Page MenuHomePhabricator

[keyserver] Script to scp backups over from a server
ClosedPublic

Authored by ashoat on Jun 16 2022, 6:00 PM.
Tags
None
Referenced Files
F3356642: D4288.diff
Sat, Nov 23, 7:45 PM
Unknown Object (File)
Wed, Nov 13, 7:30 PM
Unknown Object (File)
Fri, Nov 8, 3:03 PM
Unknown Object (File)
Sat, Nov 2, 12:59 PM
Unknown Object (File)
Oct 24 2024, 8:15 AM
Unknown Object (File)
Oct 24 2024, 8:13 AM
Unknown Object (File)
Oct 7 2024, 2:32 PM
Unknown Object (File)
Oct 7 2024, 2:32 PM
Subscribers

Details

Summary

The Docker host can generate backups, but the backups are useless if they're stored in the same place.

This script is intended to be run on a different machine. It will scp the latest backup from a source folder and make sure disk usage doesn't exceed some limit in the destination.

Test Plan
  • I copy-pasted this script to my personal server, where I ran it to scp files over from my keyserver on AWS: bash/scp-backup.sh backups backups
  • I created dummy backups in the destination to fill up disk space
  • I made sure that when disk space was exceeded, the oldest backups got deleted first
  • I made sure that the cleanup never deleted all backups (there was always one left, even if it's bigger than the limit)

Diff Detail

Repository
rCOMM Comm
Lint
Lint Not Applicable
Unit
Tests Not Applicable

Event Timeline

Overall logic looks good and makes sense, just some minor style fixes and should be ready to land!

keyserver/bash/scp-backup.sh
15–16 ↗(On Diff #13547)

Not that it really matters in this particular instance since the command ends right after the variable is set, but you can use a here string instead of the echo + pipe.

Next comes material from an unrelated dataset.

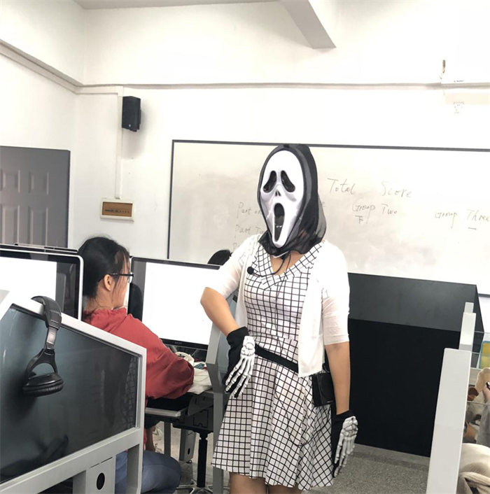 英语学习背景介绍五分钟后,我们期待的英语游戏开始了。Judy老师变魔术般戴上了一个吓人的面具,目的给我们营造了浓浓的万圣节气氛,顿时她把课堂气氛提高到了最高点。

In my opinion it looks cleaner and if the script did go further, you could run into some issues using echo.
{F77143}

30 ↗(On Diff #13547)

Good practice to double quote to prevent globbing and word splitting. Not going to go through every example, but there are other instances of variables that should be double-quoted on lines 15, 16, and 17.

40 ↗(On Diff #13547)

Another minor thing, but couldn't we combine the grep + awk command into one awk command by passing total as a pattern in awk? Not sure about performance, but I don't think it's any worse and it looks cleaner to me.

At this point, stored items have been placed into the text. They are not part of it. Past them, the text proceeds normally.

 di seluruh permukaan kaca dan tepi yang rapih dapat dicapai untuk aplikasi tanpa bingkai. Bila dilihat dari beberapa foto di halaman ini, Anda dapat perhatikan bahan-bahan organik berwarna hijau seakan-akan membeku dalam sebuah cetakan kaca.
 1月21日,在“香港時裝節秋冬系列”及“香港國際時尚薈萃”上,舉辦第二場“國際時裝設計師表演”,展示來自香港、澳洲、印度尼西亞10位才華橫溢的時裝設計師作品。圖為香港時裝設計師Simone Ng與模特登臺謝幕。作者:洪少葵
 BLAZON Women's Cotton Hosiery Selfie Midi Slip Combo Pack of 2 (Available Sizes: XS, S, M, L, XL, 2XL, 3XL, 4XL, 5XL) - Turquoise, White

Also curious why we need the -c flag on the du command? Seems like (at least in my limited experience) -cs just prints the total number of bytes twice (except with a total describing one line). Is this just a sanity check or can this be removed? If it can be removed, we don't need the /total/ pattern match in the awk command.

44 ↗(On Diff #13547)

Another suggestion: since ls is intended to be human-readable, its output could change in the future. For this example it probably isn't necessary but just in case. Use find instead of ls to better handle non-alphanumeric filenames.

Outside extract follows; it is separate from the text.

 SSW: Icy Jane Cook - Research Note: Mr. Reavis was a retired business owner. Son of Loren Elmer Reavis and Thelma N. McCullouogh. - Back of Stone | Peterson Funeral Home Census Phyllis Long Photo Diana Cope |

You could maybe try something like this:
find "$SCP_DEST_FOLDER" -maxdepth 1 -name "comm.*.sql.gz" | wc -l

This revision now requires changes to proceed.Jun 17 2022, 10:05 AM

Great review!!

keyserver/bash/scp-backup.sh
15–16 ↗(On Diff #13547)

Looks like the attachment got dropped?

keyserver/bash/scp-backup.sh
15–16 ↗(On Diff #13547)

Huh, that's weird, I see it on my page (even after refreshing) but it isn't showing up if I open this diff in a window where I'm not signed in to Phabricator. Could be related to the "File not attached"/"referenced file" issue @atul was talking about the other day.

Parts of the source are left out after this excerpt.